# Task:
Where in the entries below does "find" appear? Copy every line that has it.

(Stored data entries)

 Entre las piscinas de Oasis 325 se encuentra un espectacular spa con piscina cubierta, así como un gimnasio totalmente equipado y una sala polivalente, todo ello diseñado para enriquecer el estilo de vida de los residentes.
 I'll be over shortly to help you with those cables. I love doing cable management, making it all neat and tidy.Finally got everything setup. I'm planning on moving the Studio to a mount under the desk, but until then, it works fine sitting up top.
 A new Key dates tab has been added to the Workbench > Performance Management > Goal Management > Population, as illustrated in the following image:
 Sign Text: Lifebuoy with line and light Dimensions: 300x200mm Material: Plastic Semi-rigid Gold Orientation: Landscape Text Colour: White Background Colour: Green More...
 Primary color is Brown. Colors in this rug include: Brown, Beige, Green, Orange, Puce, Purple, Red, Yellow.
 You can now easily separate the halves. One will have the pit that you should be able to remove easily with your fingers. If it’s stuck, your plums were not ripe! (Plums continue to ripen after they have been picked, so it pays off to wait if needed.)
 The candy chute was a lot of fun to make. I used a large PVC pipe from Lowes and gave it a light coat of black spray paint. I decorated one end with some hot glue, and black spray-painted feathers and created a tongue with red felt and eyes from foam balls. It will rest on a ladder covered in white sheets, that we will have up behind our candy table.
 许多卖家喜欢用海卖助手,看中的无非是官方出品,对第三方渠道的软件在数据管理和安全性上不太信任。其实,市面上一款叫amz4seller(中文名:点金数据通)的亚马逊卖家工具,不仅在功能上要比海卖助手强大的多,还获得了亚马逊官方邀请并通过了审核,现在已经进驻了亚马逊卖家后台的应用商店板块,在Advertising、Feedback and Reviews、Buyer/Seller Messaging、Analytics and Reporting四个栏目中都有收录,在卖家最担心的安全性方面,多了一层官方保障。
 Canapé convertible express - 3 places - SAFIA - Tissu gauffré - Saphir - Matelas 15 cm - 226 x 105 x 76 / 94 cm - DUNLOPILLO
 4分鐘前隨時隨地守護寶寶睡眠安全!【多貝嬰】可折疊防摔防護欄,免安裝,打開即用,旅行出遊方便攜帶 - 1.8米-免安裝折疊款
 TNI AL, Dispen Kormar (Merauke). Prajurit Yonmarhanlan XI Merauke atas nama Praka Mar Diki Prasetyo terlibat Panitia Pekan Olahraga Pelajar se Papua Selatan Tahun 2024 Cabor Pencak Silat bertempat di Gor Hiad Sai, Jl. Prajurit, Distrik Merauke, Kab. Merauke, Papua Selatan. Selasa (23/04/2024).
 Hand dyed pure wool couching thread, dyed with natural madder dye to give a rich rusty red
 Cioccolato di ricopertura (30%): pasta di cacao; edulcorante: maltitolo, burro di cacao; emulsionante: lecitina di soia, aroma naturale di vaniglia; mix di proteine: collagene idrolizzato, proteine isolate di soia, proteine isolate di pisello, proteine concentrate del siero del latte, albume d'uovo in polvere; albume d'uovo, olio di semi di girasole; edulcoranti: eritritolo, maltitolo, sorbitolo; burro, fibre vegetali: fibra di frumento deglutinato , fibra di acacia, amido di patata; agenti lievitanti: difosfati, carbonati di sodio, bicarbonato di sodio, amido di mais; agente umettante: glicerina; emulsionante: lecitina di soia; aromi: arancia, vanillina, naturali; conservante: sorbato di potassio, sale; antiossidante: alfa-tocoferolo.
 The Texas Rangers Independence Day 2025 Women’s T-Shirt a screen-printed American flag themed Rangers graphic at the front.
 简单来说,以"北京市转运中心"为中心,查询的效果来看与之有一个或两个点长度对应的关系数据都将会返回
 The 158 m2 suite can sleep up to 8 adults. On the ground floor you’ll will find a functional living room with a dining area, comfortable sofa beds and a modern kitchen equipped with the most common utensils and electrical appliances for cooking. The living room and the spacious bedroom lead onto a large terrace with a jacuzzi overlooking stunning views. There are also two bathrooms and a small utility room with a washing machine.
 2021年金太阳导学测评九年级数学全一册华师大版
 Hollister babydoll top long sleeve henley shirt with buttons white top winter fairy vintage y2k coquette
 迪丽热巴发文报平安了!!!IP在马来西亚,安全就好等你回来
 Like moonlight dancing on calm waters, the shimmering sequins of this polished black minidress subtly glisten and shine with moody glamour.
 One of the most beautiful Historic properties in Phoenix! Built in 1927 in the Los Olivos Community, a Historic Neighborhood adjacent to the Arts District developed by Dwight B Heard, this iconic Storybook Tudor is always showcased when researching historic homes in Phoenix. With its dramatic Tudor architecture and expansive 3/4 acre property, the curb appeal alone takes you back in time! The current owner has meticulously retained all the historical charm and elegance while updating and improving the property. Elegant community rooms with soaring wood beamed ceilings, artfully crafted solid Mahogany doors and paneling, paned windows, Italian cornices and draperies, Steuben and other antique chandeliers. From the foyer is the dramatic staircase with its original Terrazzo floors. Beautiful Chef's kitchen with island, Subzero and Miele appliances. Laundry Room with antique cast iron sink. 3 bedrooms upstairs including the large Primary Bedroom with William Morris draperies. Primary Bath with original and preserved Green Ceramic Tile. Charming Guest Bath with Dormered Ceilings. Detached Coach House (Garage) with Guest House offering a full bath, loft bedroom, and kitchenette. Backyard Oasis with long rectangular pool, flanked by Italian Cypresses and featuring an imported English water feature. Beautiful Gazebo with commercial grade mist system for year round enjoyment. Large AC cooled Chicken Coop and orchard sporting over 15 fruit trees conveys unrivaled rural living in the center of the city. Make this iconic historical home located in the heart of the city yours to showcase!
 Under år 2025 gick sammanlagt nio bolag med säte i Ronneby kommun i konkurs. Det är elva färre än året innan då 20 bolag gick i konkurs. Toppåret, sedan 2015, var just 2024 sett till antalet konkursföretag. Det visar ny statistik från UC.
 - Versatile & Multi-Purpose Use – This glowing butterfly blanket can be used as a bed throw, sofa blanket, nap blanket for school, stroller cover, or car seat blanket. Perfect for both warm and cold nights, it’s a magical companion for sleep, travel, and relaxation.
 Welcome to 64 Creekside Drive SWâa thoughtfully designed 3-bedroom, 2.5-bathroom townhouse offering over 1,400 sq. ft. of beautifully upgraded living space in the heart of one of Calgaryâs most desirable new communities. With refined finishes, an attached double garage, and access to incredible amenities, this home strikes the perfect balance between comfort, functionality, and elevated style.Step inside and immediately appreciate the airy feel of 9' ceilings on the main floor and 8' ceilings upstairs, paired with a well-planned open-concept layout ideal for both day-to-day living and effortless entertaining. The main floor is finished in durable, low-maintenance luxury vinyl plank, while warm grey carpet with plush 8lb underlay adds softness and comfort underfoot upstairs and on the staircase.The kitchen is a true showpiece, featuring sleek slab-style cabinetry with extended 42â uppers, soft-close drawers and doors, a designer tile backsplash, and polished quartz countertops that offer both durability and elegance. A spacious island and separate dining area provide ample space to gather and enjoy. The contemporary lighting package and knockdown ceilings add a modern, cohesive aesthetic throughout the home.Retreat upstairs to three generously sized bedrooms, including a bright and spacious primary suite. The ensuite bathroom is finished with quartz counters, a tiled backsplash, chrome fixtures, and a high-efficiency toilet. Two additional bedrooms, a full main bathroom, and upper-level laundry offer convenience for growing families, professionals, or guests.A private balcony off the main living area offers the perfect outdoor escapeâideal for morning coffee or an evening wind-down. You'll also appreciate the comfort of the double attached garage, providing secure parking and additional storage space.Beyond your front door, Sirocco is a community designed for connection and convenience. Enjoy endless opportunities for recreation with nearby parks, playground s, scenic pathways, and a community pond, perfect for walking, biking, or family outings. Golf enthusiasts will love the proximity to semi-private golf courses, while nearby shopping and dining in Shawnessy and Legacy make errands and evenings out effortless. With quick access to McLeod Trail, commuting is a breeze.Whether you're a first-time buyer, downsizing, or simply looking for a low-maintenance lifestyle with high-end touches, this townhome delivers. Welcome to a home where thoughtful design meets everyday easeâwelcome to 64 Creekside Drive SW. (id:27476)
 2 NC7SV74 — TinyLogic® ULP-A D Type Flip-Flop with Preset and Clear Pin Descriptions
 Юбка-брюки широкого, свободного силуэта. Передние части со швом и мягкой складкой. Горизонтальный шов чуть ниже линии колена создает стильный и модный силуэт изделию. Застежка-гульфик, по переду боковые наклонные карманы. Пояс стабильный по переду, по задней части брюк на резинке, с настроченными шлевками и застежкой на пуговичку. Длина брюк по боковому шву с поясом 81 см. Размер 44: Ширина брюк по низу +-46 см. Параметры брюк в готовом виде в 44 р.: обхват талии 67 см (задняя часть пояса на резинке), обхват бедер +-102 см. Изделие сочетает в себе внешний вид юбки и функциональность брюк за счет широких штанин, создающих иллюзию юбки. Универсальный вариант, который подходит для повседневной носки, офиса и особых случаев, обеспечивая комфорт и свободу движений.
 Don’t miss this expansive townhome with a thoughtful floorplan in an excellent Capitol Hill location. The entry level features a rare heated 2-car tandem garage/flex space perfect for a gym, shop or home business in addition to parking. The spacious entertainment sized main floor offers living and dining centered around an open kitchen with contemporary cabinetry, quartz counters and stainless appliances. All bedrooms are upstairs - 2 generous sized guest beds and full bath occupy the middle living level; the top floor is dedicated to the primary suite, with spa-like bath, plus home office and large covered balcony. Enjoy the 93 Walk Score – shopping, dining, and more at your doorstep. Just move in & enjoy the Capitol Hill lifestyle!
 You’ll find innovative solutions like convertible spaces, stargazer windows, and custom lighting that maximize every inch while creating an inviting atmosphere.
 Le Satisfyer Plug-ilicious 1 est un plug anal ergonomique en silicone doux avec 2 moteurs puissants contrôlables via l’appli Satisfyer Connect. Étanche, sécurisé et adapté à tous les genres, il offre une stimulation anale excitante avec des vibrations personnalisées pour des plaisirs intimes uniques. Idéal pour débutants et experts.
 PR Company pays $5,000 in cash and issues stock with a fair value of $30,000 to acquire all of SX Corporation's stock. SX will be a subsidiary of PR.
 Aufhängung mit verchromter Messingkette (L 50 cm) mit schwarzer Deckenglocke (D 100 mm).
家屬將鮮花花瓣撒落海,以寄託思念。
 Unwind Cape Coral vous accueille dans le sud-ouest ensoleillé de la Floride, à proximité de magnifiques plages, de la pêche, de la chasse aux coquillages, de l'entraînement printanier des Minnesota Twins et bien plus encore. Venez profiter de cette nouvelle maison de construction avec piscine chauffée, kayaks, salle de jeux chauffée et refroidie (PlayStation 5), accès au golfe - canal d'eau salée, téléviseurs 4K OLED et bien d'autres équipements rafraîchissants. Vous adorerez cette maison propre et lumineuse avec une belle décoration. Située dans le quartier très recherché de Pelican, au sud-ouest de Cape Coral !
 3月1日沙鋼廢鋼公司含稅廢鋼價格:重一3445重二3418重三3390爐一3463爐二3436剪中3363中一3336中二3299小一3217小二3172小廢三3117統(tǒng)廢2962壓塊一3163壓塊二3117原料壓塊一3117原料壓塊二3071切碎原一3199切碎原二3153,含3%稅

# Written reply:
 The 158 m2 suite can sleep up to 8 adults. On the ground floor you’ll will find a functional living room with a dining area, comfortable sofa beds and a modern kitchen equipped with the most common utensils and electrical appliances for cooking. The living room and the spacious bedroom lead onto a large terrace with a jacuzzi overlooking stunning views. There are also two bathrooms and a small utility room with a washing machine.
 You’ll find innovative solutions like convertible spaces, stargazer windows, and custom lighting that maximize every inch while creating an inviting atmosphere.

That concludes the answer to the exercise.